What the exercise asks: From the first line of the listing below, retype each line up to and including the one with "中塩 ぺーさんを姓名の画数から五運を鑑定"; pictures stay out.

Stored data:
######

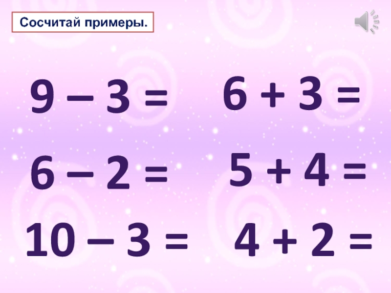 9 – 3 =6 – 2 =6 + 3 =5 + 4 =10 – 3 =4 +
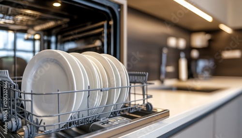 Modern kitchen featuring white dishes ready for cleaning in an electronic dishwasher appliance
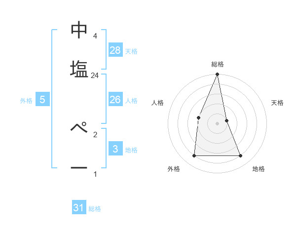 中塩 ぺーさんを姓名の画数から五運を鑑定
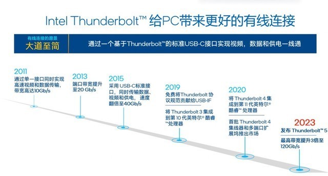 2023年9月12日晚9点,英特尔正式公布了全新的Thunderbolt 5,也就是雷电5接口,最高带宽达到120Gb/s!双向带宽达到80Gb/s,较雷电4接口提升3倍!强大的性能与丰富的功能,继续保持地表最强PC物理接口的纪录。

######

Exercise response:
 9 – 3 =6 – 2 =6 + 3 =5 + 4 =10 – 3 =4 +
 Modern kitchen featuring white dishes ready for cleaning in an electronic dishwasher appliance
 中塩 ぺーさんを姓名の画数から五運を鑑定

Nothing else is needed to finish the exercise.